Specify Your Social Media Policy and Branding Efforts
After you have your quality improvement committees operational and have had initial conversations with your employees and other stakeholders about developing a social media policy, it’s time to write a social media policy for your small business. This policy needs to be specific enough to give employees a clear sense of what they should and shouldn’t do without banning all use of social media. According to the National Labor Relations Board (NLRB), general policies often do not provide enough guidelines for employees and often do not hold up in a court of law (during wrongful termination cases).
Although the law does not automatically champion business rules regarding how employees represent a business on social media, businesses should have narrowly-defined social media policies about the privacy of customers, copyrights, patents, trade secrets and other information protected by law. Business leaders need to educate their employees about these laws, ideally providing examples of social media posts that break these laws and examples of social media posts that are preferred.

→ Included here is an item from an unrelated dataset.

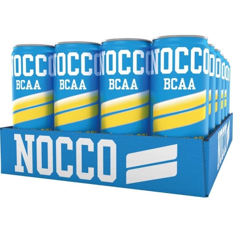 NOCCO est la marque de boissons pour sportifs à base de BCAA qui connaît la croissance la plus rapide en Europe! Tous les produits NOCCO contiennent des protéines sous forme de BCAA (acides aminés à chaîne ramifiée), sont sans lactose, sans glucides et donc sans sucre! Les BCAA sont trois acides aminés essentiels: la leucine, la valine et lisoleucine. Ceux-ci ne peuvent pas être produits indépendamment par le corps humain et doivent donc être fournis par le biais des aliments. Les acides aminés à chaîne ramifiée sont essentiels pour la construction, lexpansion et la protection des muscles. Ils aident également à retarder la fatigue pendant les activités sportives.

Additionally, business leaders should decide with their employees and other stakeholders what type of information can be included when posting on behalf of the business. Decisions should be made about:
- which social media venues make sense given current and future stakeholders
- which content is relevant given business operations and initiatives
- generic conventions of posts on each social media platform
- frequency and timing of posts on each platform
- administration of social media posts (who will do it and when)
Embracing Sharing on Social Media as Business Policy
At the end of the day, social media policy does not have to be just another consent form that HR creates in order to protect businesses from defamation. With the aid of democratic processes, social media policy can embody the very best intentions of social media as a means of co-creating business communities that employees want to be a part of.